Coming up for air
Breezy Auto Parts has been supplying the North American automobile industry with carburetors and air filters for more than half a century. With revenues of about $100 million a year, it is a significant player in the parts industry. Initially, it supplied carburetors and filters to each of the Big Three domestic manufacturers. When foreign car manufacturers entered North America to set up manufacturing operations, Breezy also developed relationships with the newcomers. It redesigned some of its products to fit the foreign models. It also introduced electronic data interchange (EDI) to support just-in-time deliveries to all of its customers. As a result, it successfully realized its original corporate vision of becoming North America’s leading supplier of carburetors and air filters, a position it has occupied ever since. For the past 30 years, Breezy has counted on steady customers and steady revenues. The past two years, however, have raised significant concerns about the company’s future. The price of crude oil has been soaring as have gas prices at the pump. There have been temporary dips in price, but the overall trend is unmistakable: it will be far more expensive to drive in the future. As a result, car sales have flattened and in some cases declined. This is especially true of the big gas guzzling SUVs upon which the North American industry had staked its future. But the slump is affecting pretty much all makes and models except for hybrids and the newly introduced Brainy Car. The contraction is even affecting the Asian and European car manufacturers that have located in North America. In the past, Breezy could always count on respectable profit margins, but this is no longer the case. Sales are anemic and because of the company’s fixed costs, tied to its manufacturing plant, profits are getting razor thin. To avert further deterioration, the company’s CEO announced a visioning workshop for senior managers. The objective is to conduct a PESTE (political, economic, social, technological and environmental) review of current trends, factors and conditions in the marketplace while subjecting Breezy to a rigorous SWOT (strengths, weaknesses, opportunities, threats) analysis. This is the first step in a process of revitalizing the company and its prospects by developing a new vision and strategy.

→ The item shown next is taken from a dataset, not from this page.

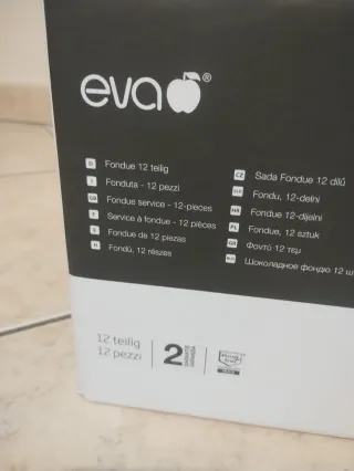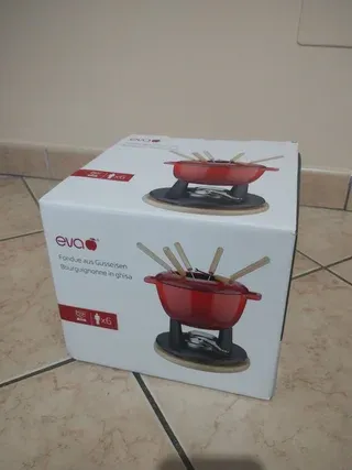 Set per fonduta bourguignonne di marca Eva. - Pentola in ghisa rossa. - Base in metallo e legno. - Include 6 forchette.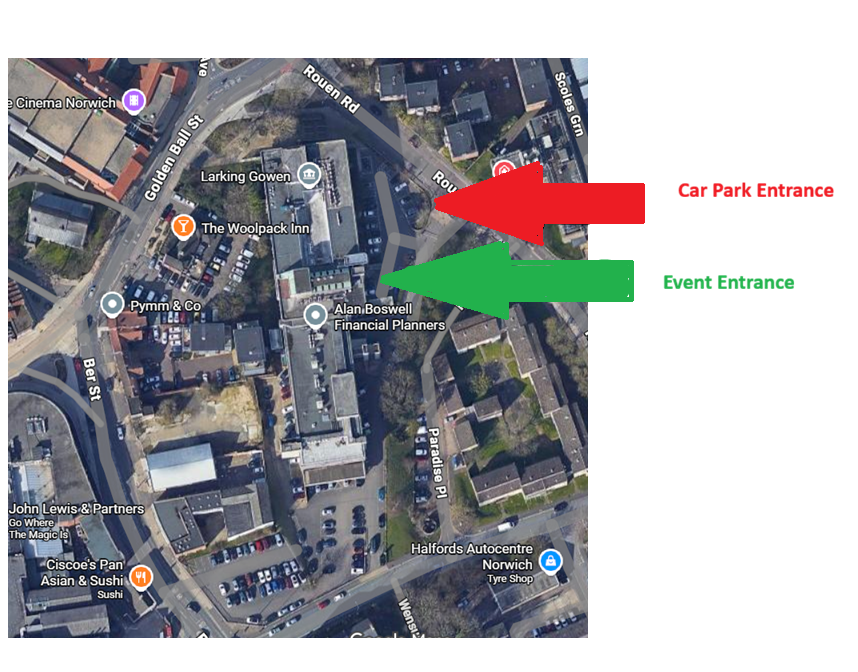 Parking available on site only between 2.00-2.15. Outside of these times other (paid) car parks are available (Castle Mall and Thorn Lane next door). The entrance is via the side of Prospect House, Rouen Road, Norwich, NR1 1RE. Details as per below

Analysis to get past paralysis
At the workshop, senior managers made the following observations:
• As a supplier to the auto market, it is dependent on its fortunes, but it has little influence over broad trends such as gas prices, or even the pace at which car manufacturers decide to redesign their vehicles for fuel efficiency. That redesign process may take years but Breezy has obligations now.
• Breezy already dominates the North American market for carburetors and air filters so that there is only limited scope for expanding sales in a market that is already saturated.
• So far, Breezy had focused on carburetors and air filters, something that it does better than others and a product in which it has decisive competitive advantages. Moving into new products would require R&D and retooling and it would have to be carefully coordinated with the redesign of automobiles for fuel efficiency that is under way in the industry.
• Key to Breezy’s existing competitive advantage is the tight integration that has established with its customers by using industry best practices, such as just-in-time manufacturing and just-in-time inventory. Any future development should build on that foundation.
• So far, Breezy had focused exclusively on the North American market. Because of its previous success and the overwhelming size of that market, it has never felt the need to look for markets in other parts of the world.
Filtering the options
After reviewing the company’s financial performance over the past few years, senior managers concluded that Breezy had to expand its markets if it was to sustain its profits. There were two options on the table.
Option 1: Breezy could stick with the tried and true. It could continue focusing on the North American market, working with its existing partners to develop products for the fuel efficient cars of the future. Alternatively, it could try to expand its product offering beyond carburetors and air filters into other auto parts. The market for standard auto parts was already saturated, however. One manager suggested thatBreezy could try to move into the customized market, making specialized accessories for car enthusiasts.
Option 2: Breezy could try to develop new customers and new markets outside of North America. It was pointed out during the PESTE analysis that car manufacturing was growing in countries such as Brazil and India. Recently,India’s Tata Company had announced its intention to develop a popular car for the Indian market. Its target price for the vehicle was to be about $2500 a unit. It was suggested that Breezy start developing the same close relationships with overseas car manufacturers that it already had established with their North American counterparts. The CEO assigned two teams to investigate each of these possibilities. The teams are to prepare a detailed course of action for their assigned option, together with an analysis of costs and benefits.
Questions
1. How could this initiative be financed?
2. What business should Breezy be in? How should it revise its corporate vision?
3. What risks does the offshore venture face that the domestic company does not?